鏡台。


    王守跪坐在席子上,緩緩從懷中摸出了一個錦囊。他小心翼翼的打開錦囊,拿出了一個篦子。


    篦子有些舊,邊上還斷了幾齒。


    王守解開帽子,把頭發打散下去。


    陽光照在門內,王守低下頭,緩緩為自己篦頭。


    小時候他的家境普通,但很溫暖。阿娘會在天氣好的時候讓他坐在小凳子上,自己坐在他的背後,輕柔的為他篦頭。


    王守輕聲唱著。


    “娘的乖寶寶,明年就長高……”


    “監門!”


    身後不知何時出現了個男子,身材瘦削。


    “荒荒,如何?”王守小心翼翼的把篦子收進錦囊裏。


    男子說道:“梁靖接應楊氏的人進來,我就丟了塊石頭,咱們的人聽到動靜就追索……梁靖我放了他迴去。

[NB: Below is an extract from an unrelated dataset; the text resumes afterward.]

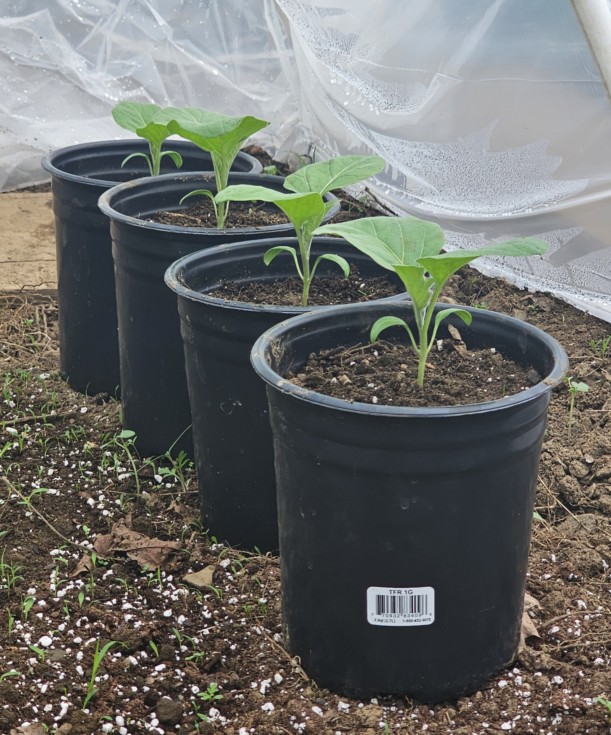 5.6 Bennett Eggplants, all ethylene treated at seed start. Some residual humic acid on the leaves because of some sloppy watering..oops. I'm pleasantly surprised how easy going these plants are to grow!

”


    王守開始收攏長發,嗯了一聲。


    “我趁著大亂的時機潛入到了水溝中,貴妃出來時,我便突襲……”


    王守沒動。


    “沒弄死吧?”


    “有人阻攔。”荒荒有些遺憾,“第一下我收力了,沒想到那少年竟然不弱,隻是吐血後退。第二下我加了力,那少年被擊飛,也不知死活,不過鏡台的人來了,我隻能遠遁。”

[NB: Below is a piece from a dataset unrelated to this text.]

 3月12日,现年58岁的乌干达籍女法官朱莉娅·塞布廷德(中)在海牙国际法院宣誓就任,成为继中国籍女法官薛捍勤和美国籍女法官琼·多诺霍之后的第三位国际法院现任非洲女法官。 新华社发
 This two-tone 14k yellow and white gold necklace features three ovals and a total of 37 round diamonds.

    王守挽起長發,“貴妃和楊氏結盟被破壞才是大事,對了,沒被人發現吧?”


    荒荒搖頭,“鏡台的人追不上我。”


    王守抬頭,“楊氏啊!咱在看著你們呢!歲月悠悠,你們要好好的啊!千萬要好好的活著,等著咱……”


    一個男子此刻也悄然進宮。


    皇帝正在看奏疏,不時蹙眉,偶爾冷笑。


    男子進來。


    “陛下。”


    皇帝沒抬頭,“如何?”


    男子說道:“楊氏去的是楊鬆成的一個幕僚,修為不錯。奴婢本想出手驚動鏡台的人,卻有人先下了手。隨後出手的那人悄然摸了進去。奴婢就跟在後麵。看著他突襲貴妃……”


    他看了皇帝一眼,繼續說道:“奴婢本想晚些出手,可沒想到卻有人攔截了刺客,擋住了兩刀,刺客隨即遠遁……”


    皇帝在看奏疏,“蠢貨,百姓都要造反了,還不知戒備!”


    男子束手而立。


    皇帝在奏疏後批示,然後伸手輕輕揉著眉心。


    “誰的人?”


    “那人進了鏡台。”


    “知道了。”


    晚些貴妃迴宮,皇帝安撫了一番,隨後雷霆震怒,令鏡台和金吾衛徹查刺客。


    楊玄被送到了陳曲,隨即貴妃的賞賜流水般的湧來。


    “如何?”


    怡娘問道。


    剛出來的曹穎說道:“醫者說不輕……”


    怡娘的胸膛急速起伏,眼睛都紅了。曹穎也悄然退後了些,摸摸右臂的皮套。


    老賊在前院唏噓,“若是郎君去了,老夫的官去哪尋?難道重新去盜墓?那盜誰的?郎君窮,定然陪葬不多……”


    楊玄很快就醒來了。


    “郎君!”


    醫者走了,怡娘咬牙切齒的道:“郎君救那個賤人作甚?”


    對於怡娘來說,李元和李泌這兩任偽帝的人都是賤人。


    曹穎在邊上解釋,“郎君十五了,若是按部就班升官,得多久才能獨掌一方?郎君也是不得已啊!”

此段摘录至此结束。